**Task**
A stretch of the entries below is to be set down exactly, running from the line with "WUUK 2K Video" through the line with "Sharing options are", both included, and no other line.

**Study material**

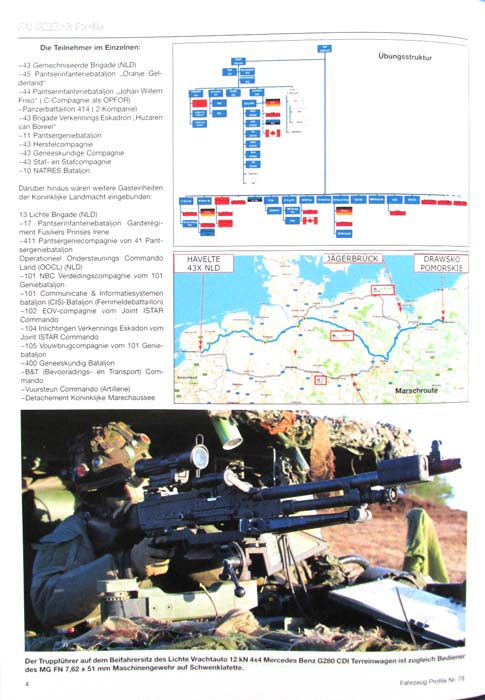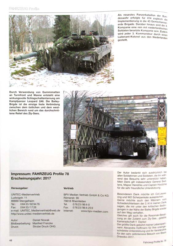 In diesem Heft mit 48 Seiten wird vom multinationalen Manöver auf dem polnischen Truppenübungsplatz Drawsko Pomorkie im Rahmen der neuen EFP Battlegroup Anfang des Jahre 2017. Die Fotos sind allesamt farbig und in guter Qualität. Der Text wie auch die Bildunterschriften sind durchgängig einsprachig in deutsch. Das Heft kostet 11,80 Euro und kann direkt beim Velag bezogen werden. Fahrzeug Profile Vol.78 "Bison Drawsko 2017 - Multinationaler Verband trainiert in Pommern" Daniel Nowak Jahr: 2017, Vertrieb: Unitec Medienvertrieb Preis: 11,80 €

---

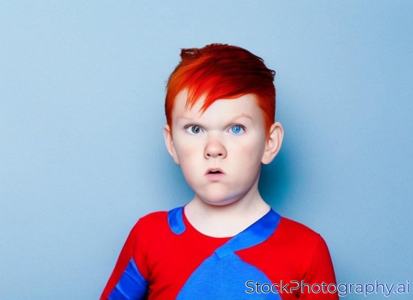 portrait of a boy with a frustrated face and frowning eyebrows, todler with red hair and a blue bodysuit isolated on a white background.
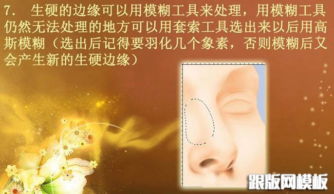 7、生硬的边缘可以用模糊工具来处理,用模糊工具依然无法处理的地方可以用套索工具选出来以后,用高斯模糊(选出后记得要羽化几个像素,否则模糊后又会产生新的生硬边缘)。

==

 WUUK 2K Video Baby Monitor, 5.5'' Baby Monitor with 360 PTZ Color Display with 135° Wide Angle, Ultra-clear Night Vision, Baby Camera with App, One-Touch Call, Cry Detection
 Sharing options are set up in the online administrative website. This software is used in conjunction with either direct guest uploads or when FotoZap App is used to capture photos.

**The completed task**
 WUUK 2K Video Baby Monitor, 5.5'' Baby Monitor with 360 PTZ Color Display with 135° Wide Angle, Ultra-clear Night Vision, Baby Camera with App, One-Touch Call, Cry Detection
 Sharing options are set up in the online administrative website. This software is used in conjunction with either direct guest uploads or when FotoZap App is used to capture photos.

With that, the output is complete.